◆ **LISTED RECORDS**
[Start of section]

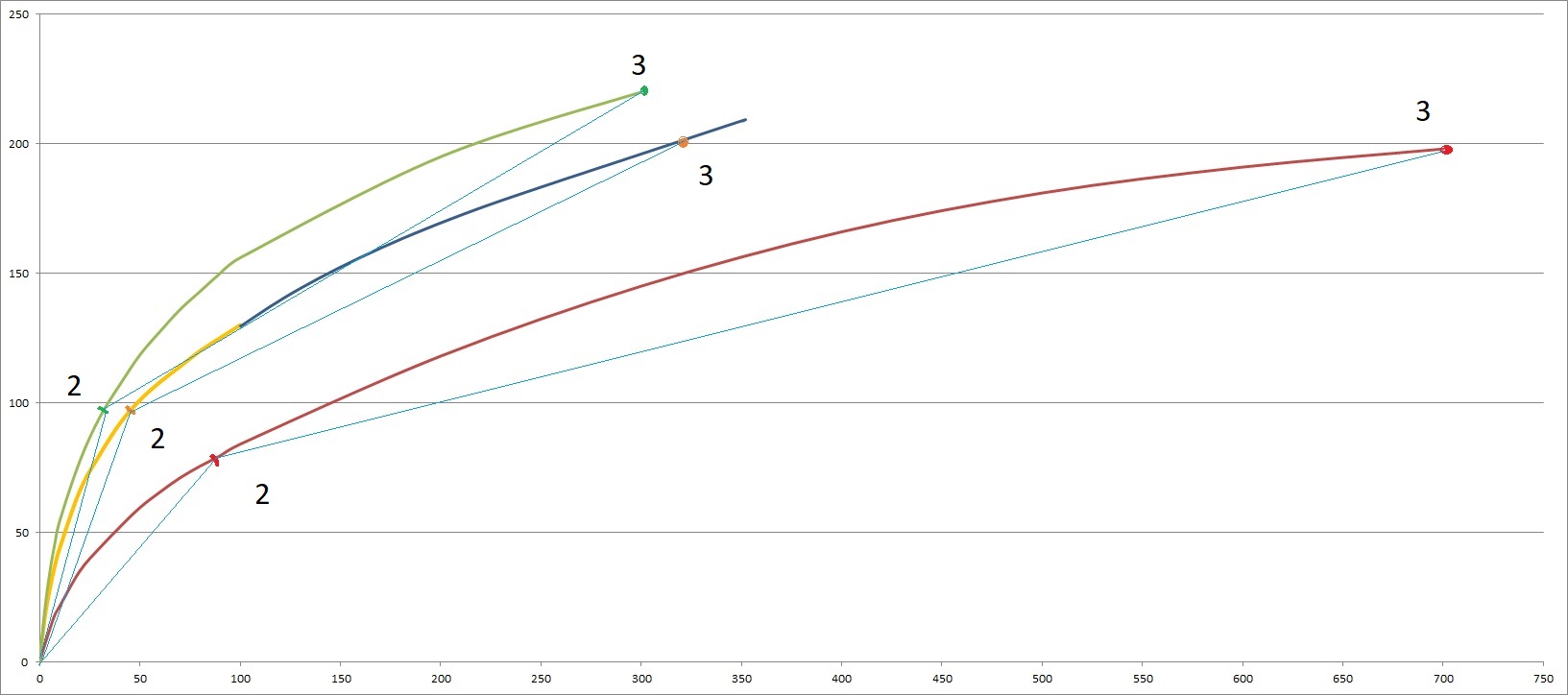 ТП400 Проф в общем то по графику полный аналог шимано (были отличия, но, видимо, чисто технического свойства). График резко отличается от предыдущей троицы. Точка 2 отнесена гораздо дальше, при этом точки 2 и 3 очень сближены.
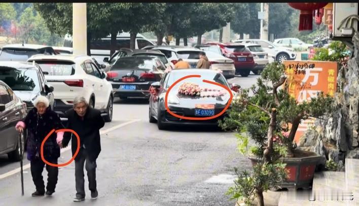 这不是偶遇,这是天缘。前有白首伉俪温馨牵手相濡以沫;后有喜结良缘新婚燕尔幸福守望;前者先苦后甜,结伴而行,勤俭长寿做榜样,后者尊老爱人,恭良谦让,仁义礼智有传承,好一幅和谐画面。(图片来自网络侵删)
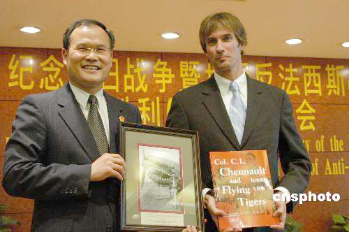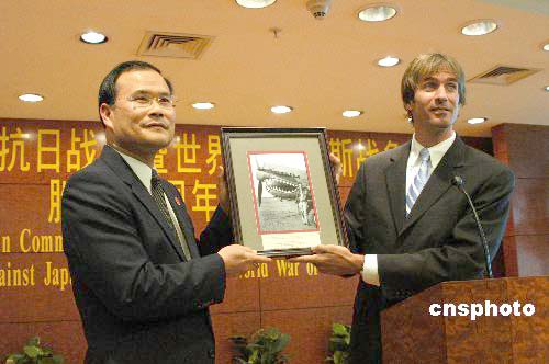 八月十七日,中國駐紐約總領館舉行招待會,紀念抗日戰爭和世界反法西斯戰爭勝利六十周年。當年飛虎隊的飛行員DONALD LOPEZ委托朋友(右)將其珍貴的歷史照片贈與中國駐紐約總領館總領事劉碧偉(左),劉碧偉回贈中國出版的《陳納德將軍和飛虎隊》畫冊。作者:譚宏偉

[End of section]
[Start of section]

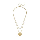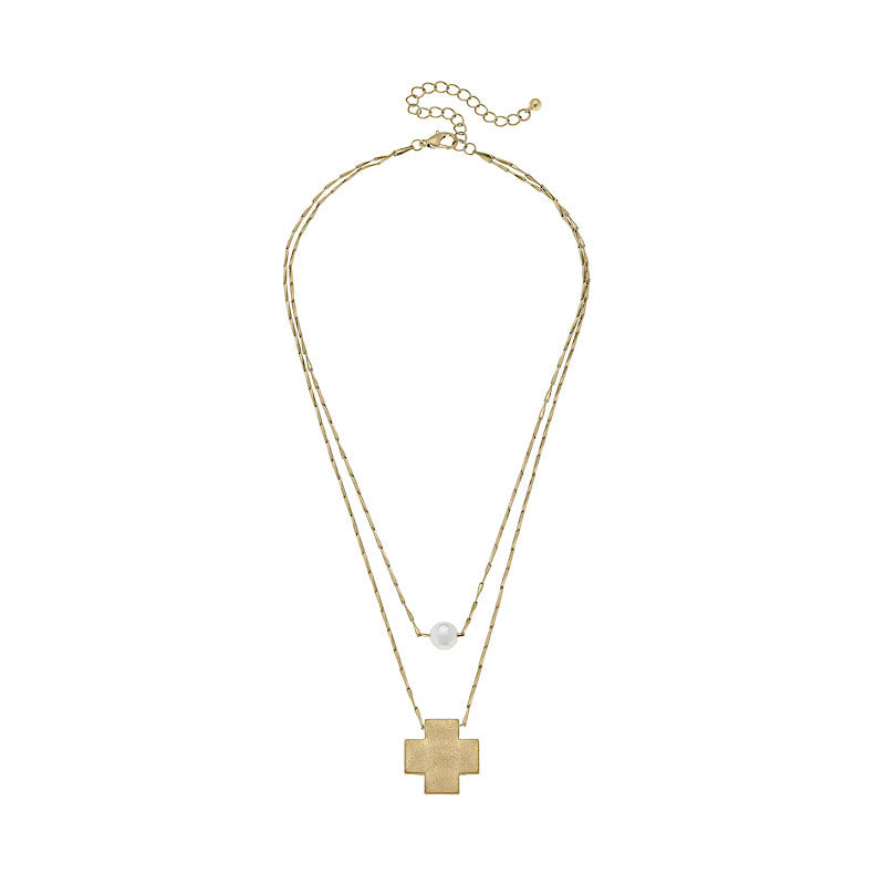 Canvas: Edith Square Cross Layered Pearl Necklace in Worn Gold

[End of section]

◆ **WHAT THE EXERCISE ASKS**
Repeat exactly the lines above, from the line that contains "ТП400 Проф в" down through the line that contains "这不是偶遇,这是天缘。前有白". Include both of those lines and none of the pictures.

◆ **REPLY TO THE EXERCISE**
 ТП400 Проф в общем то по графику полный аналог шимано (были отличия, но, видимо, чисто технического свойства). График резко отличается от предыдущей троицы. Точка 2 отнесена гораздо дальше, при этом точки 2 и 3 очень сближены.
 这不是偶遇,这是天缘。前有白首伉俪温馨牵手相濡以沫;后有喜结良缘新婚燕尔幸福守望;前者先苦后甜,结伴而行,勤俭长寿做榜样,后者尊老爱人,恭良谦让,仁义礼智有传承,好一幅和谐画面。(图片来自网络侵删)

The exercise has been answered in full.